PATTERN Cited by 1 source
Explicit timeout on remote calls¶
Pattern¶
Set both the connection timeout and the request timeout explicitly on every remote call. Never rely on library defaults; never leave a timeout unset on the theory that "it probably won't matter." Every outbound HTTP, gRPC, database, and RPC client gets both numbers written down, checked into source, and reviewed alongside the downstream it targets.
Zalando's timeouts post names this as the house-style rule:
"The default timeout is your enemy, always set timeouts explicitly!" (Source: sources/2023-07-25-zalando-all-you-need-to-know-about-timeouts)
Motivation¶
Library defaults are chosen for maximum compatibility, not for production use. The Zalando post cites the canonical anti-example:
"For example for native java HttpClient the default connection/request timeout is infinite, which is unlikely within your SLA :)"
Other common offenders:
- libcurl default connect-timeout of 300 s.

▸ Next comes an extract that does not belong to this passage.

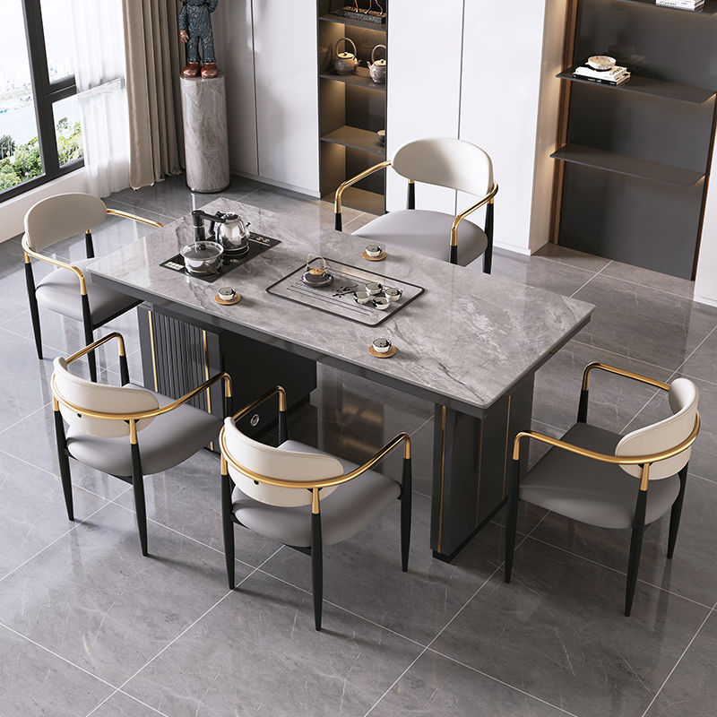 軽豪華風岩板茶テーブルと椅子の組み合わせは簡単で、現代のオフィスでお茶を入れる台の工夫茶テーブルが一体になっている

- Java URLConnection default of infinite on most JVMs.
- Many database drivers default to no query timeout.
- requests.get(url) in Python has no default timeout.
A service inheriting any of these will, eventually, be taken out by a single stuck downstream: see concepts/thread-pool-exhaustion and concepts/connection-pool-exhaustion.
Shape¶
Two timeouts, sized independently:
- Connection timeout — bounded by network RTT; commonly RTT × 3.
- Request timeout — bounded by measured downstream latency percentiles via shadow-mode metric collection, sized to the chosen false-timeout rate.
Sizing the two together is a named anti-pattern: connection establishment and downstream work are bounded by different physical processes and should be configured separately.
Enforcement¶
- Code review: every new outbound client gets a timeout pair explicitly in the reviewer's checklist.
- Static analysis: lint rules flag client constructions that omit timeout configuration.
- Integration tests: test that a dead downstream causes a fast failure (bounded wall-clock) rather than hanging.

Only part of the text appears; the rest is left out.